# What to produce
In the entries below, find the line with "Fortunately, the course" and the line with "An oval, scratched". Reproduce those two lines and every line between them exactly, and nothing more.
------ Data excerpts
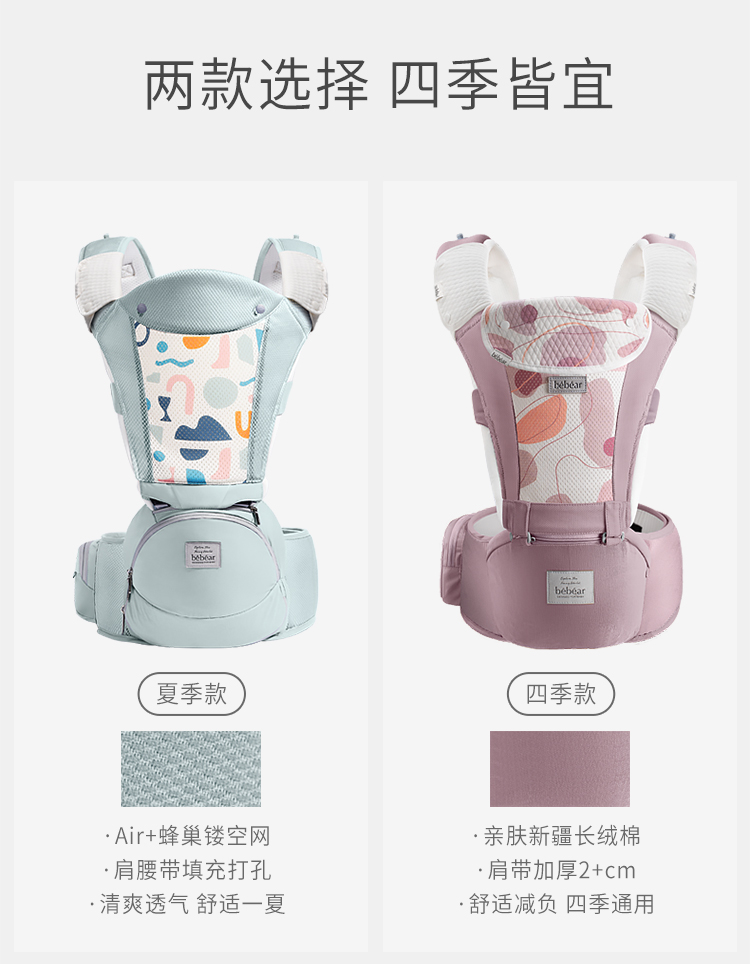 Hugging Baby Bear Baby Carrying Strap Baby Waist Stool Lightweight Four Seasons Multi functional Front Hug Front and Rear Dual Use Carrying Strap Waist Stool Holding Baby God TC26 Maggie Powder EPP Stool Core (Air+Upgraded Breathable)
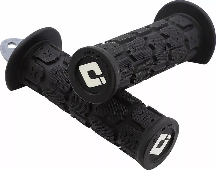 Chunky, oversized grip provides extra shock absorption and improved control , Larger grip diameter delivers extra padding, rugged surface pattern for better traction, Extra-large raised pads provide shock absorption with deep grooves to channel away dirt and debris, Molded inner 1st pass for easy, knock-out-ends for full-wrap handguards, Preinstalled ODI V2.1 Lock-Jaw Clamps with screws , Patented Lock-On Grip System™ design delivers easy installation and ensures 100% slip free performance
------------
------ Data excerpts
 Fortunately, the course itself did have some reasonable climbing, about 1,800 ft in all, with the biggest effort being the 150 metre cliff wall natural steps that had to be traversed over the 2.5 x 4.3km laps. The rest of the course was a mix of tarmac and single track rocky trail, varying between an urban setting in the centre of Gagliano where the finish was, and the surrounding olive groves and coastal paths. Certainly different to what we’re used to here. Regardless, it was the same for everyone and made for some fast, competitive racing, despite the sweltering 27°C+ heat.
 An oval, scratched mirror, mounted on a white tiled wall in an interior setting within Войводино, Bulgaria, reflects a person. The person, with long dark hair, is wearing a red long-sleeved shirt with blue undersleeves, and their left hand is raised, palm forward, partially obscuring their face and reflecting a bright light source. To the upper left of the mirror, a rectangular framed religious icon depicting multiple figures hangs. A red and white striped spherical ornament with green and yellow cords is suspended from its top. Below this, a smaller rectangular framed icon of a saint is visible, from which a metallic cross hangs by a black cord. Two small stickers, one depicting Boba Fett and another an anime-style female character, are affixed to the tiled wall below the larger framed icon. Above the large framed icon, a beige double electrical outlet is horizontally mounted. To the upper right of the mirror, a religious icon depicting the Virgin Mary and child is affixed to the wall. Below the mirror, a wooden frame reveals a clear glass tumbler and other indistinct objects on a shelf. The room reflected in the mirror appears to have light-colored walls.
------------
# Worked solution
 Fortunately, the course itself did have some reasonable climbing, about 1,800 ft in all, with the biggest effort being the 150 metre cliff wall natural steps that had to be traversed over the 2.5 x 4.3km laps. The rest of the course was a mix of tarmac and single track rocky trail, varying between an urban setting in the centre of Gagliano where the finish was, and the surrounding olive groves and coastal paths. Certainly different to what we’re used to here. Regardless, it was the same for everyone and made for some fast, competitive racing, despite the sweltering 27°C+ heat.
 An oval, scratched mirror, mounted on a white tiled wall in an interior setting within Войводино, Bulgaria, reflects a person. The person, with long dark hair, is wearing a red long-sleeved shirt with blue undersleeves, and their left hand is raised, palm forward, partially obscuring their face and reflecting a bright light source. To the upper left of the mirror, a rectangular framed religious icon depicting multiple figures hangs. A red and white striped spherical ornament with green and yellow cords is suspended from its top. Below this, a smaller rectangular framed icon of a saint is visible, from which a metallic cross hangs by a black cord. Two small stickers, one depicting Boba Fett and another an anime-style female character, are affixed to the tiled wall below the larger framed icon. Above the large framed icon, a beige double electrical outlet is horizontally mounted. To the upper right of the mirror, a religious icon depicting the Virgin Mary and child is affixed to the wall. Below the mirror, a wooden frame reveals a clear glass tumbler and other indistinct objects on a shelf. The room reflected in the mirror appears to have light-colored walls.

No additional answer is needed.